Directions –
Write out the opening lines of the data word for word, up to and including the line with "Käytännöllinen juotosjalusta/apukäsi kahdella", and leave every picture and every later line out.

Given data –
== == ==

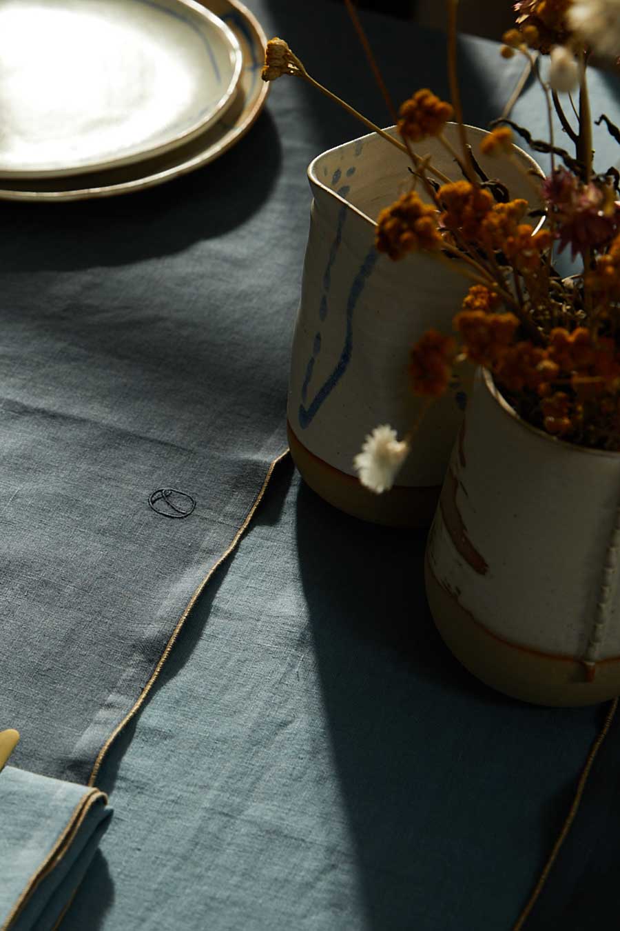 - Une collection 100% pur lin lavé, fabriquée et brodée en France.
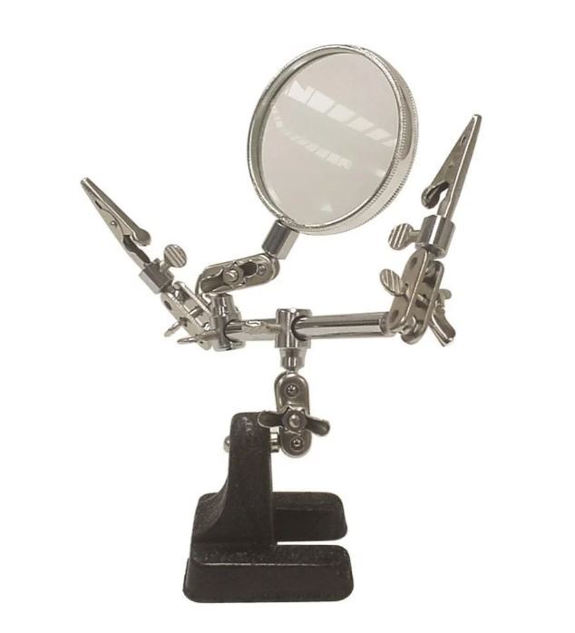 Käytännöllinen juotosjalusta/apukäsi kahdella kiinnityspuristimella ja 2,5-kertaisella suurennuslasilla. Kätevä mm. juotos-, asennus- ja korjaustöissä.
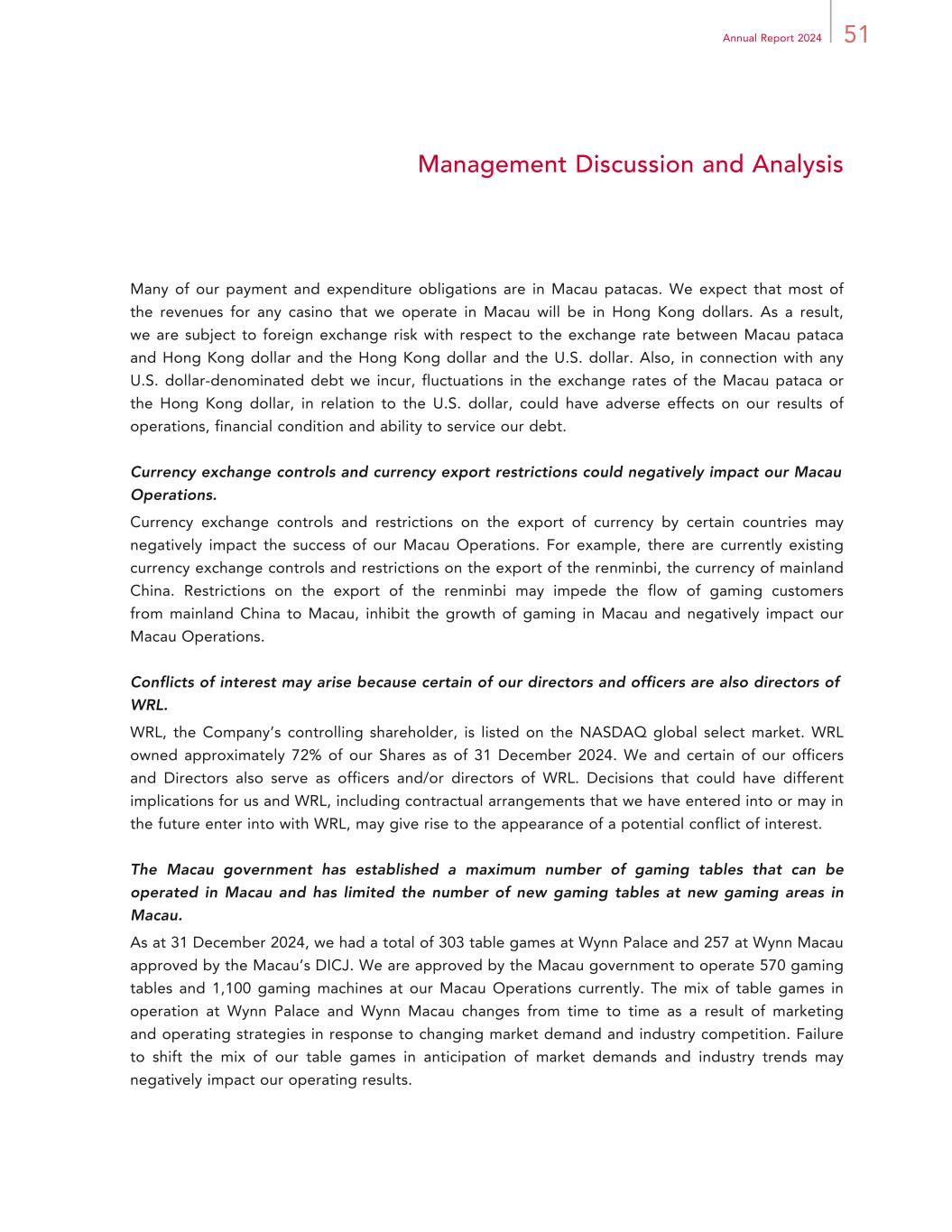51Annual Report 2024 Management Discussion and Analysis Many of our payment and expenditure obligations are in Macau patacas. We expect that most of the revenues for any casino that we operate in Macau will be in Hong Kong dollars. As a result, we are subject to foreign exchange risk with respect to the exchange rate between Macau pataca and Hong Kong dollar and the Hong Kong dollar and the U.S. dollar. Also, in connection with any U.S. dollar-denominated debt we incur, fluctuations in the exchange rates of the Macau pataca or the Hong Kong dollar, in relation to the U.S. dollar, could have adverse effects on our results of operations, financial condition and ability to service our debt. Currency exchange controls and currency export restrictions could negatively impact our Macau Operations. Currency exchange controls and restrictions on the export of currency by certain countries may negatively impact the success of our Macau Operations. For example, there are currently existing currency exchange controls and restrictions on the export of the renminbi, the currency of mainland China. Restrictions on the export of the renminbi may impede the flow of gaming customers from mainland China to Macau, inhibit the growth of gaming in Macau and negatively impact our Macau Operations. Conflicts of interest may arise because certain of our directors and officers are also directors of WRL. WRL, the Company’s controlling shareholder, is listed on the NASDAQ global select market. WRL owned approximately 72% of our Shares as of 31 December 2024. We and certain of our officers and Directors also serve as officers and/or directors of WRL. Decisions that could have different implications for us and WRL, including contractual arrangements that we have entered into or may in the future enter into with WRL, may give rise to the appearance of a potential conflict of interest. The Macau government has established a maximum number of gaming tables that can be operated in Macau and has limited the number of new gaming tables at new gaming areas in Macau. As at 31 December 2024, we had a total of 303 table games at Wynn Palace and 257 at Wynn Macau approved by the Macau’s DICJ. We are approved by the Macau government to operate 570 gaming tables and 1,100 gaming machines at our Macau Operations currently. The mix of table games in operation at Wynn Palace and Wynn Macau changes from time to time as a result of marketing and operating strategies in response to changing market demand and industry competition. Failure to shift the mix of our table games in anticipation of market demands and industry trends may negatively impact our operating results.
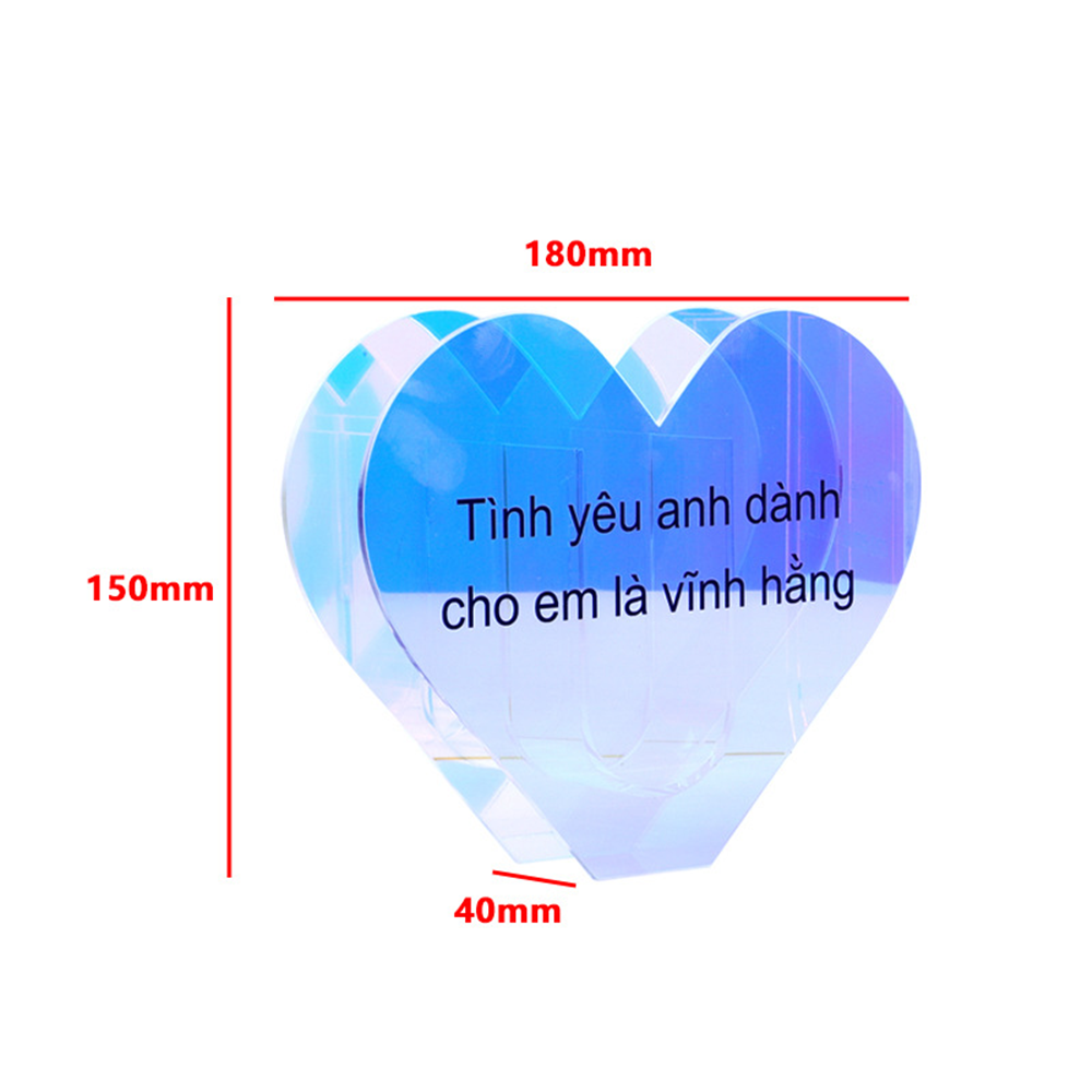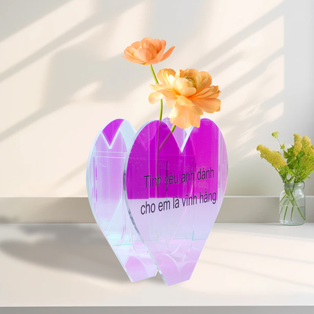 This Iridescent Heart Acrylic Vase captures light and emotion with its captivating multichrome finish . The vase is delicately engraved with the heartfelt Vietnamese phrase “Tình yêu anh dành cho em là vĩnh hằng”(My love for you is eternal), making it a meaningful gift for expressing lasting affection. Crafted from high-gloss, lightweight acrylic, the heart-shaped vessel holds a delicate bouquet of white sweet pea blossoms, symbolizing devotion and bliss.

== == ==

Solved problem –
 - Une collection 100% pur lin lavé, fabriquée et brodée en France.
 Käytännöllinen juotosjalusta/apukäsi kahdella kiinnityspuristimella ja 2,5-kertaisella suurennuslasilla. Kätevä mm. juotos-, asennus- ja korjaustöissä.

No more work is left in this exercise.